* Exercise:
From the entries below, transcribe exactly the lines between the line holding "ryškiu, aiškiu matymu." and the line holding "Incredible VALUE with", inclusive; skip all other lines.

(Records excerpted from a collection)
+++

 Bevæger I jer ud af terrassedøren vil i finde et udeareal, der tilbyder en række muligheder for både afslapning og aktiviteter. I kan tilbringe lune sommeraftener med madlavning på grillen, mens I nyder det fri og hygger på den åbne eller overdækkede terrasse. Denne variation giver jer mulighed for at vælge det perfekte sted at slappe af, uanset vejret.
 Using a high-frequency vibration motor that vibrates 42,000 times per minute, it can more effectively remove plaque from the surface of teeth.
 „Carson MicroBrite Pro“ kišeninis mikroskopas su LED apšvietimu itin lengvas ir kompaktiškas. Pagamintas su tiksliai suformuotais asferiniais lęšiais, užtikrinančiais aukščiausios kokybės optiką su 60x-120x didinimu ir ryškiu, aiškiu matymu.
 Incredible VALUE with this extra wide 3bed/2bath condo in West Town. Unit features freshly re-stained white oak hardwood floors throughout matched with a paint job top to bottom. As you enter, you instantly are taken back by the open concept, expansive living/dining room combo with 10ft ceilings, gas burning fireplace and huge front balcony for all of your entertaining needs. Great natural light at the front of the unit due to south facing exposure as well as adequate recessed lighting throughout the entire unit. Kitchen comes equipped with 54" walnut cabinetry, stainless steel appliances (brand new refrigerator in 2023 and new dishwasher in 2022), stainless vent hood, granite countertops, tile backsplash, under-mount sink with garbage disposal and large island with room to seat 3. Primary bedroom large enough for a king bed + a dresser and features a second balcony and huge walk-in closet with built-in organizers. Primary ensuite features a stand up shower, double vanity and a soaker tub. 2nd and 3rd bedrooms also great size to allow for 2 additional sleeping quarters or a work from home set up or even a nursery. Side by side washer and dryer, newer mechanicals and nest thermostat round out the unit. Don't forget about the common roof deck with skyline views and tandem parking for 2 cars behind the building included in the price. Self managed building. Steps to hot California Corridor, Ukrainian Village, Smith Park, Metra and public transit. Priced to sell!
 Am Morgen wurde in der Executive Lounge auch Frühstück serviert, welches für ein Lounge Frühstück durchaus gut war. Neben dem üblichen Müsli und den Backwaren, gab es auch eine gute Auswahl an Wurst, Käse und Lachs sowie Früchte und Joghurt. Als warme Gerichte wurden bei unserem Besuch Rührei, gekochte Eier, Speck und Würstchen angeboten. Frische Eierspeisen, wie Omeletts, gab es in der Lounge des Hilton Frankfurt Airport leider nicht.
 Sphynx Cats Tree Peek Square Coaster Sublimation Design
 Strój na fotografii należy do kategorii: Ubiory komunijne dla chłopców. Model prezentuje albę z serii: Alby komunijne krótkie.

+++

* Answer for this exercise:
 „Carson MicroBrite Pro“ kišeninis mikroskopas su LED apšvietimu itin lengvas ir kompaktiškas. Pagamintas su tiksliai suformuotais asferiniais lęšiais, užtikrinančiais aukščiausios kokybės optiką su 60x-120x didinimu ir ryškiu, aiškiu matymu.
 Incredible VALUE with this extra wide 3bed/2bath condo in West Town. Unit features freshly re-stained white oak hardwood floors throughout matched with a paint job top to bottom. As you enter, you instantly are taken back by the open concept, expansive living/dining room combo with 10ft ceilings, gas burning fireplace and huge front balcony for all of your entertaining needs. Great natural light at the front of the unit due to south facing exposure as well as adequate recessed lighting throughout the entire unit. Kitchen comes equipped with 54" walnut cabinetry, stainless steel appliances (brand new refrigerator in 2023 and new dishwasher in 2022), stainless vent hood, granite countertops, tile backsplash, under-mount sink with garbage disposal and large island with room to seat 3. Primary bedroom large enough for a king bed + a dresser and features a second balcony and huge walk-in closet with built-in organizers. Primary ensuite features a stand up shower, double vanity and a soaker tub. 2nd and 3rd bedrooms also great size to allow for 2 additional sleeping quarters or a work from home set up or even a nursery. Side by side washer and dryer, newer mechanicals and nest thermostat round out the unit. Don't forget about the common roof deck with skyline views and tandem parking for 2 cars behind the building included in the price. Self managed building. Steps to hot California Corridor, Ukrainian Village, Smith Park, Metra and public transit. Priced to sell!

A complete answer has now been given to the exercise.